> AIM OF THE EXERCISE
Below are several entries. Transcribe exactly those lines that fall from the one with "Uno degli aspetti" through the one with "Κολιέ με κρίκους και κεραμικούς αστερίες", end lines included.

> DATA RECORDS
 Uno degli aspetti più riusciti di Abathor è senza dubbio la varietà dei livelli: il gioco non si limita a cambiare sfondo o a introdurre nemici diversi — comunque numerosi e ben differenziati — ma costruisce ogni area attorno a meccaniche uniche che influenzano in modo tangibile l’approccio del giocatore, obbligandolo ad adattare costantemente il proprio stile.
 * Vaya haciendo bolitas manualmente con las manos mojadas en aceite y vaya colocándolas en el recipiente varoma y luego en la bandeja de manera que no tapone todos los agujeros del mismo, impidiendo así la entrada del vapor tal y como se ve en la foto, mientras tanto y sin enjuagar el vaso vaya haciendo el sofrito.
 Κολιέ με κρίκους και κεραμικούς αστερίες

==

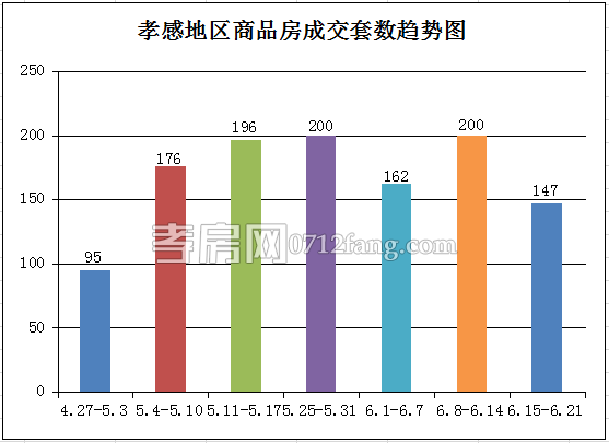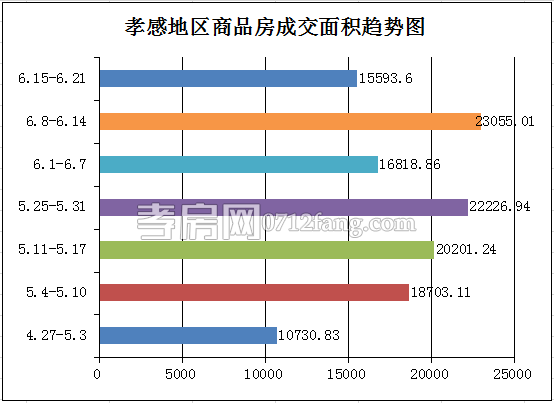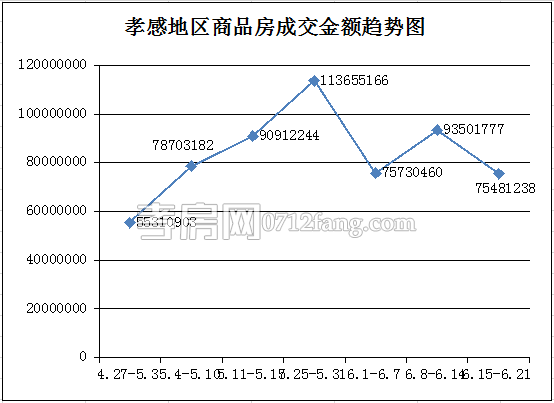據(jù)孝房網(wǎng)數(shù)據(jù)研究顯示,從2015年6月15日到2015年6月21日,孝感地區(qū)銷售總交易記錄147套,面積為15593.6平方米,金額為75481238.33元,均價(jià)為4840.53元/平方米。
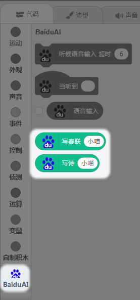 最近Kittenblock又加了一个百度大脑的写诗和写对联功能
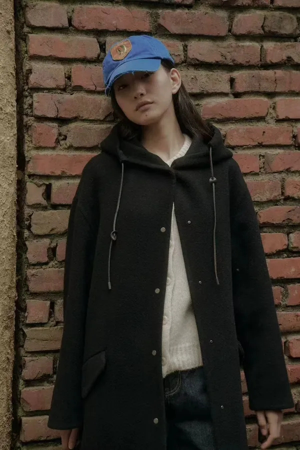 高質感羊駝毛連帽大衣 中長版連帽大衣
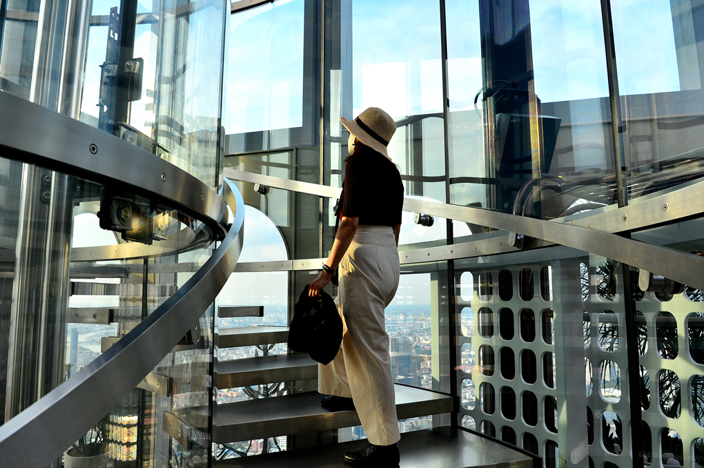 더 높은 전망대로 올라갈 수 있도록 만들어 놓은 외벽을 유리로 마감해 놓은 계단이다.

> ANSWER FOR THE TASK
 Uno degli aspetti più riusciti di Abathor è senza dubbio la varietà dei livelli: il gioco non si limita a cambiare sfondo o a introdurre nemici diversi — comunque numerosi e ben differenziati — ma costruisce ogni area attorno a meccaniche uniche che influenzano in modo tangibile l’approccio del giocatore, obbligandolo ad adattare costantemente il proprio stile.
 * Vaya haciendo bolitas manualmente con las manos mojadas en aceite y vaya colocándolas en el recipiente varoma y luego en la bandeja de manera que no tapone todos los agujeros del mismo, impidiendo así la entrada del vapor tal y como se ve en la foto, mientras tanto y sin enjuagar el vaso vaya haciendo el sofrito.
 Κολιέ με κρίκους και κεραμικούς αστερίες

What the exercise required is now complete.